▶ WHAT NEEDS TO BE DONE
Starting with the line that has "If you want" in the records below and stopping after the line that has "Estructura en madera.", output every line exactly and nothing else; skip pictures.

▶ EXCERPTED DATA
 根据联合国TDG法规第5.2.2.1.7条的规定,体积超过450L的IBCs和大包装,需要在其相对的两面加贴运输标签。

---

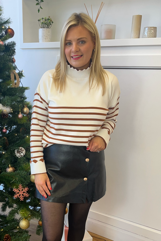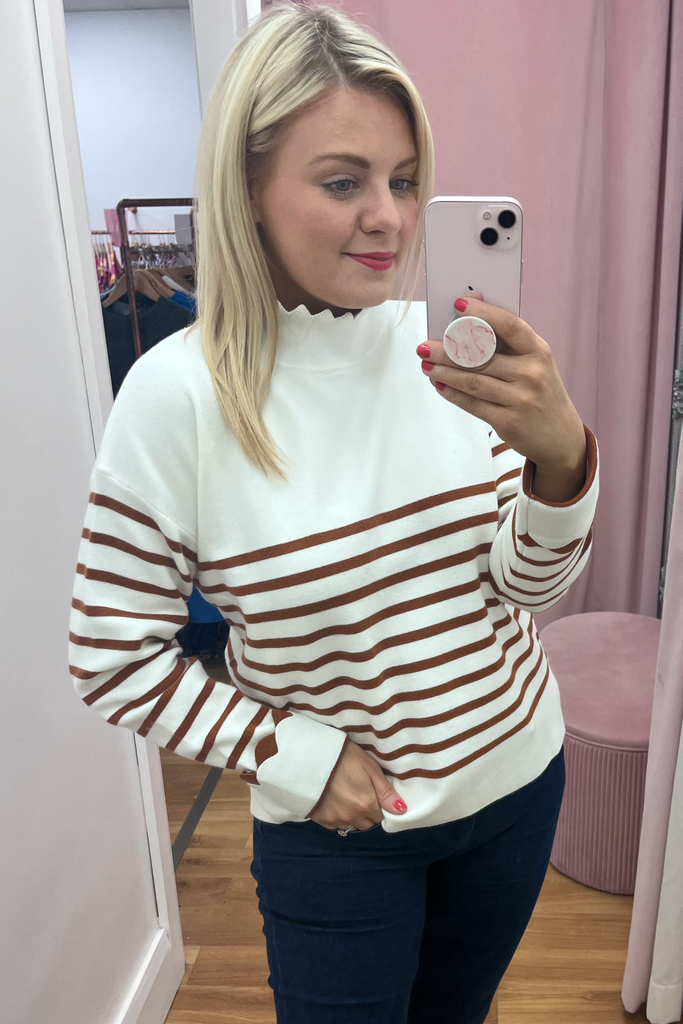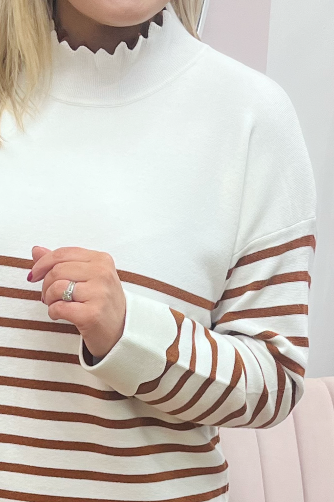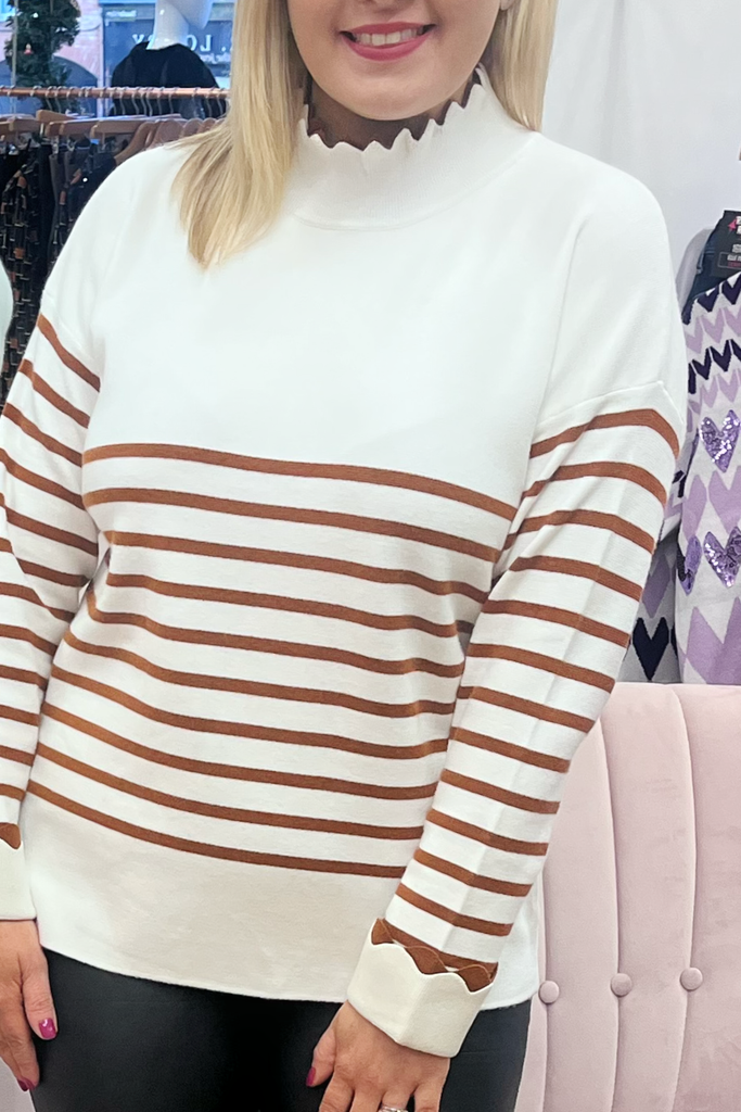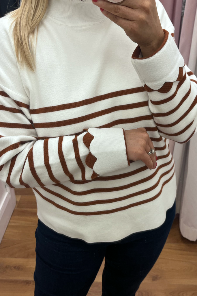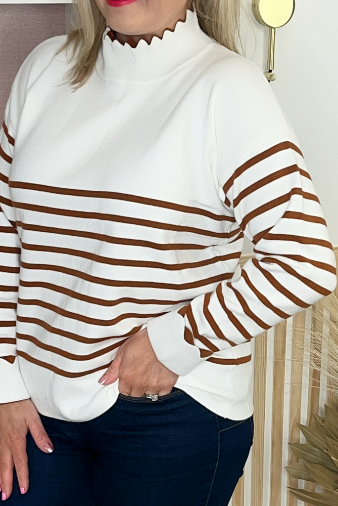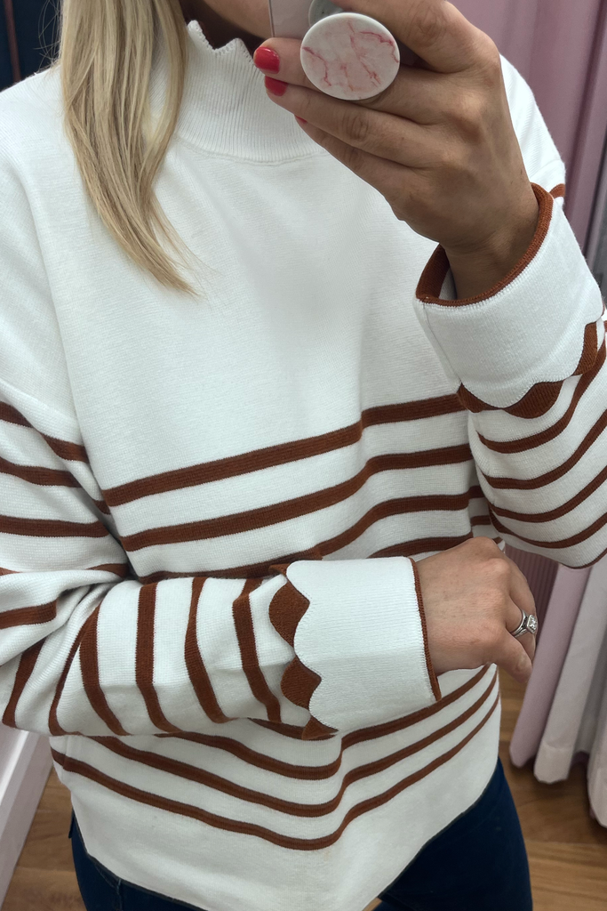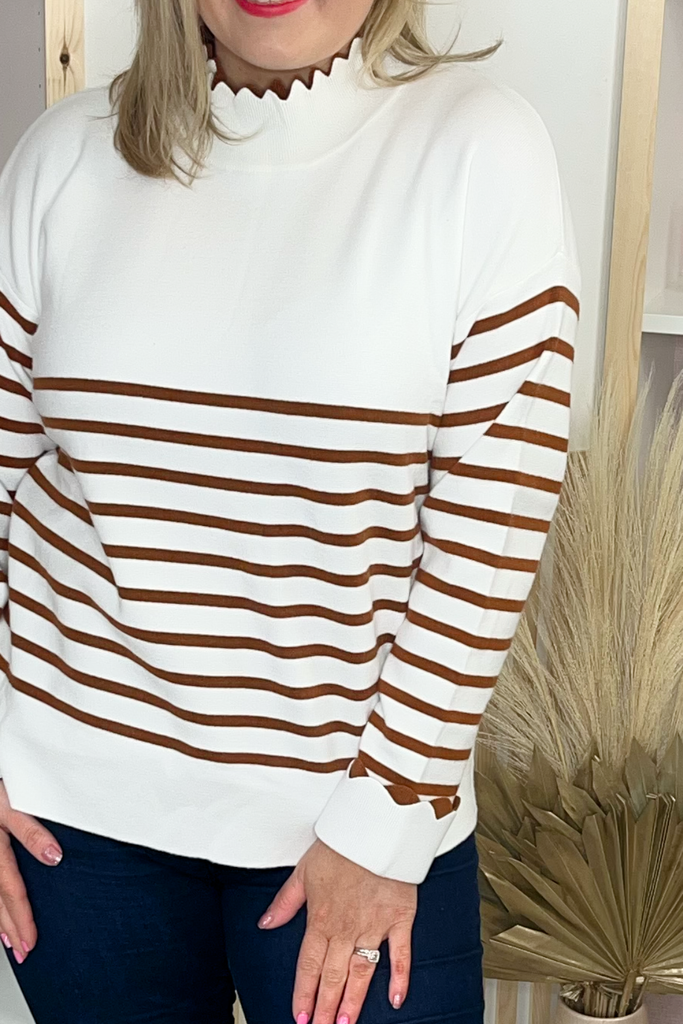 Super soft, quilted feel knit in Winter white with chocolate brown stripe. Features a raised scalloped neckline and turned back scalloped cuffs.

* * *

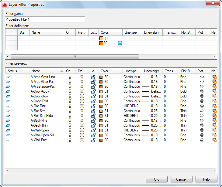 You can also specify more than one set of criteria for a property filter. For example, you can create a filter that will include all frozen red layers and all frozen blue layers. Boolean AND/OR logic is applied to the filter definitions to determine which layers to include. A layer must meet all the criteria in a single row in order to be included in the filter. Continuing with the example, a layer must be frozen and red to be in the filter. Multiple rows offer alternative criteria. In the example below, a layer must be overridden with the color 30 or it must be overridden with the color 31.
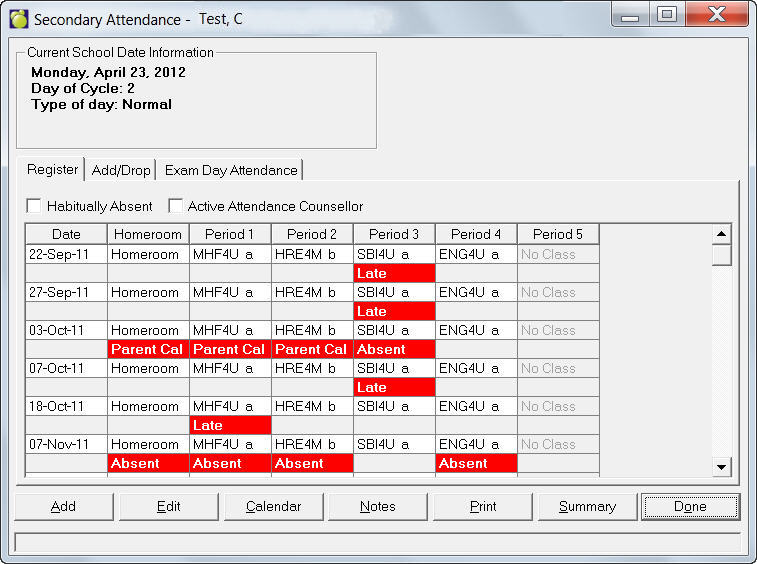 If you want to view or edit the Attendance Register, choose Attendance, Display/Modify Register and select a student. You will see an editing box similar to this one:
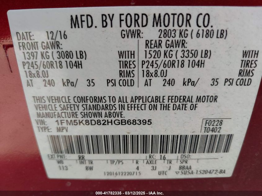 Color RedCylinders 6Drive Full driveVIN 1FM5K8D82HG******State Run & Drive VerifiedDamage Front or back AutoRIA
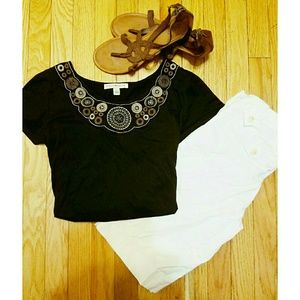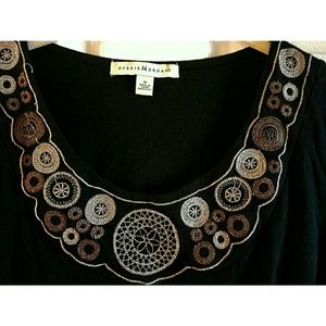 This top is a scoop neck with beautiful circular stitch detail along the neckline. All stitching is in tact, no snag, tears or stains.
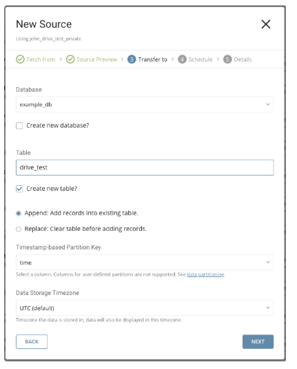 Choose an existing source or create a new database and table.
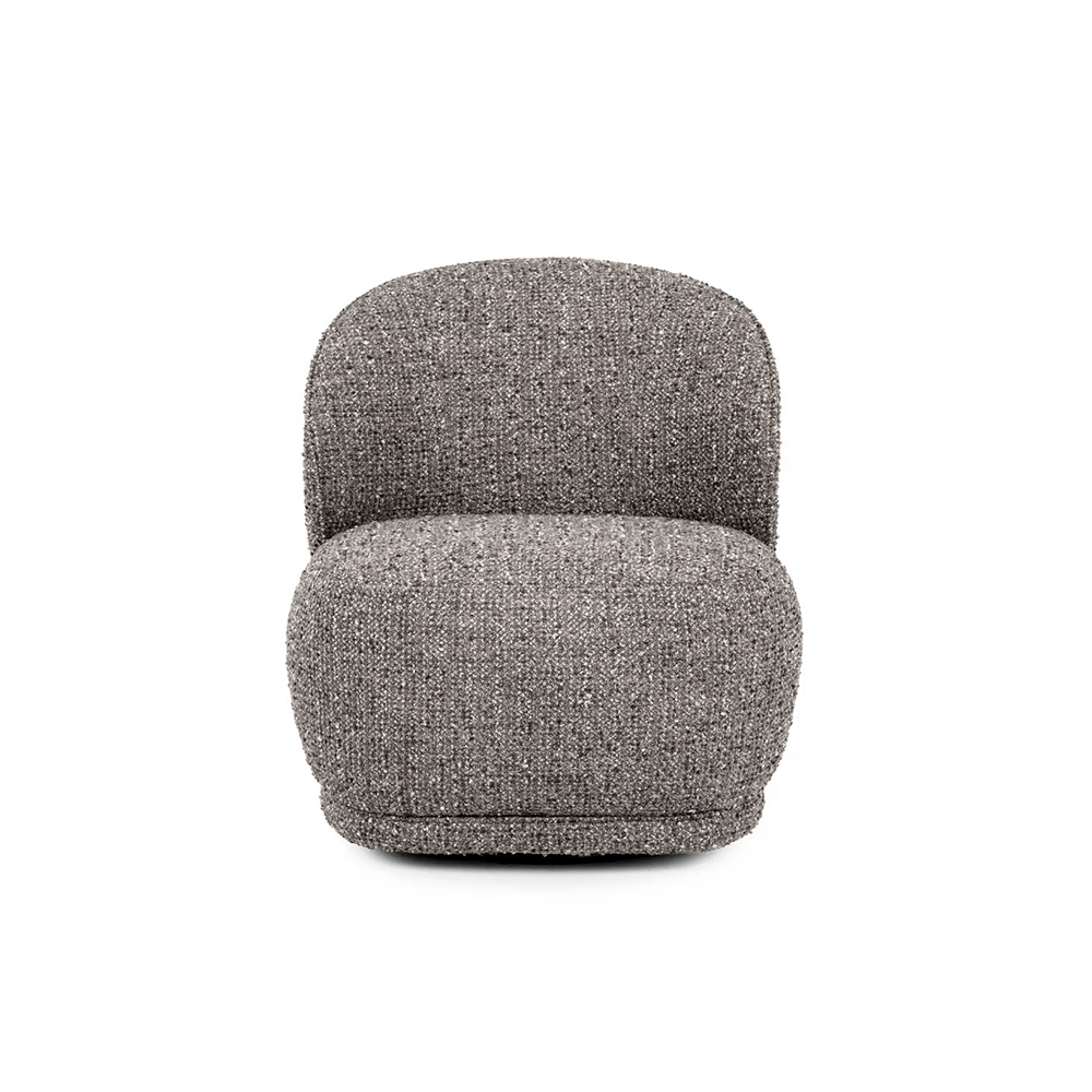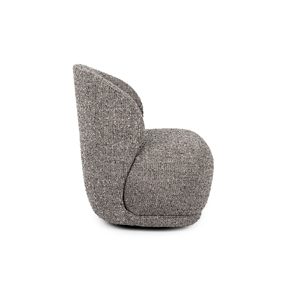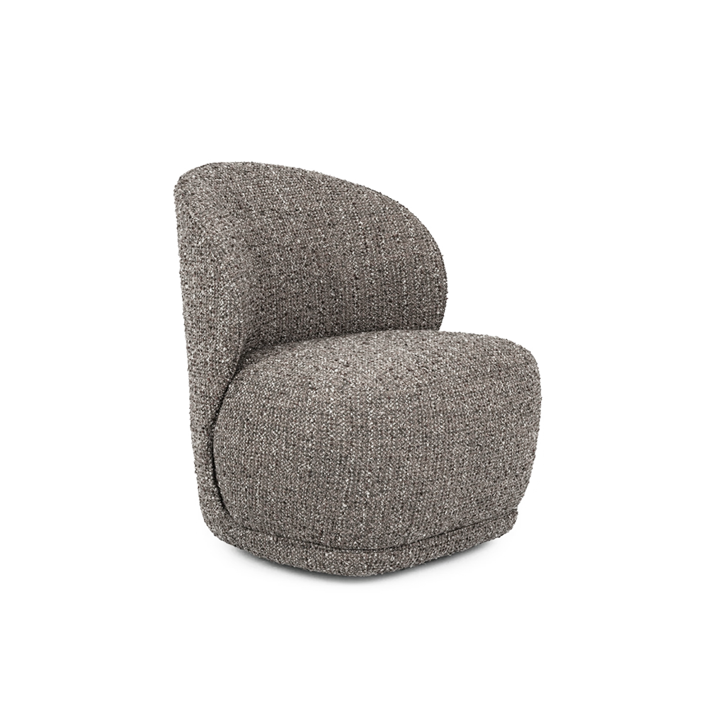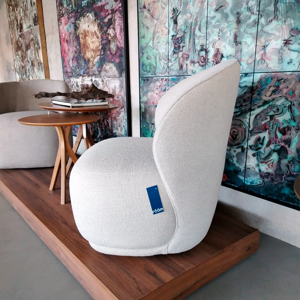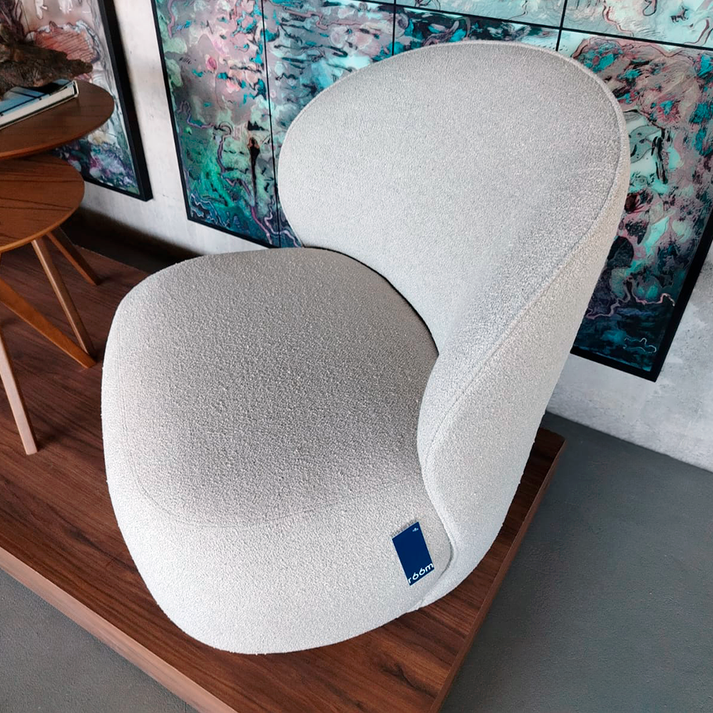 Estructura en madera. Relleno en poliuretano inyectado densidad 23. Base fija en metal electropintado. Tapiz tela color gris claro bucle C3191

▶ FINISHED EXERCISE
 If you want to view or edit the Attendance Register, choose Attendance, Display/Modify Register and select a student. You will see an editing box similar to this one:
 Color RedCylinders 6Drive Full driveVIN 1FM5K8D82HG******State Run & Drive VerifiedDamage Front or back AutoRIA
 This top is a scoop neck with beautiful circular stitch detail along the neckline. All stitching is in tact, no snag, tears or stains.
 Choose an existing source or create a new database and table.
 Estructura en madera. Relleno en poliuretano inyectado densidad 23. Base fija en metal electropintado. Tapiz tela color gris claro bucle C3191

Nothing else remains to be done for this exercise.